The lesson for Pakistan from both these assumptions in the context of our relationship with Afghanistan is important. When the West led by America was calling history dead, and it proceeded to bring back Afghanistan to the only living and thriving civilisation represented by the democratic world it failed. No military intervention and no interference in the internal affairs of Afghanistan is a lesson that the US and the superpowers before it have left behind. We shouldn't try to re-write history. The second lesson is that hard power should be used only as the last resort when diplomacy has failed, but has diplomacy failed? Diplomacy cannot be allowed to fail because that means the beginning of war.
The DG ISPR during his briefing said that "status quo will not be tolerated any more" and that all unilateral and multilateral engagements with Afghanistan had failed to deliver the results. The general impression that the DG ISPR gave was that a political government that is against the military operation against Taliban may not be acceptable to the military. The central point here is the political and military disconnect in whether the military operation in Khyber-Pakhtunkhwa should continue or not. That to me is the pivot and the fundamental question around which our policy on Afghanistan revolves.

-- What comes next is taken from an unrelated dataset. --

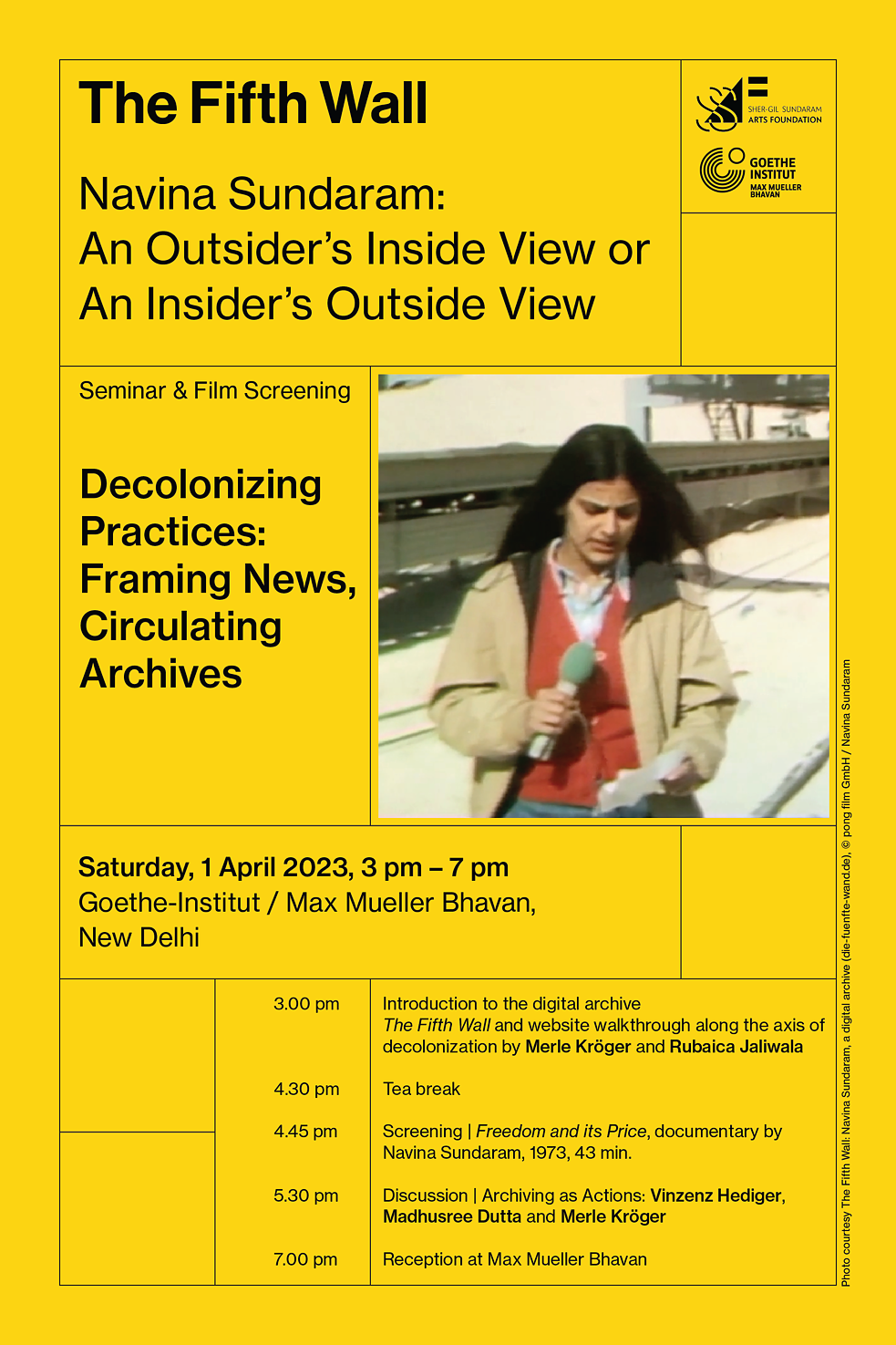 Die fünfte Wand versammelt Filme, Reportagen, Moderationen, Texte, Briefe und Fotos der Filmemacherin und Redakteurin Navina Sundaram aus über 40 Jahren Tätigkeit für das Fernsehen. Extrahiert aus Archiven der ARD sowie aus Sundarams Privatarchiv, ist Die fünfte Wand ein kuratierter Blick auf deutsche Migrations- und Mediengeschichte. Navina Sundaram steht dabei im Zentrum als eine Autorin, die journalistisch Position bezieht: zu Internationalismus und Dekolonisierung, Klassenfrage, Rassismus, Einwanderung, zu indischer und bundesdeutscher Politik.

It is the decisive element that may ensure the success or failure of our Afghan policy and thus the setting of the pivot becomes the crux of our strategy formulation. It will decide what kind of effort is to be concentrated — military or diplomatic? Only after we have answered this fundamental question and rightly determined the pivot to our Afghan policy that we may be able to align the means to achieve the right political end.
In classic military terms, pivot was always a geographical position like a fortress or a fortified position or a natural landmark like a river or a mountain range, but today the idea has expanded to include a political idea as pivots centre of gravity. Thus, diplomacy or military operation is the fundamental question, the pivot, the crux — the point where decision, resources and movements must converge to produce strategic coherence to achieve the end. Politically, it must be decided what matters the most to us and what we should protect at any cost, and what both Pakistan and Afghanistan can leverage to each other to reach an amicable accord.
Without the pivot, the military strategy will have no direction or focus, it is the axis of movement and without it and the public support that comes with it no military operation can make the headway. 'Pivot to Asia' of the US, almost a decade-old strategy, is a good example because the American pivot is not geographic alone but a geopolitical pivot based on a deliberate shift of strategic focus and resources towards the Asia-Pacific — a political decision that stems from recognising that the balance of power in Asia is central to future global order. Our strategic focus on Afghanistan must also be clear — diplomacy or military action?
My last observation is that the modern age and the complexity of problems that we face demands that National Security Council must be utilised as the right forum for interaction between the military and the politicians. The US has it since 1947, Britain and France since 2010, so why can't Pakistan have this forum where typically all stakeholders indulge in consultation and can unilaterally undertake a decision which underlines a unity of action — something we need the most.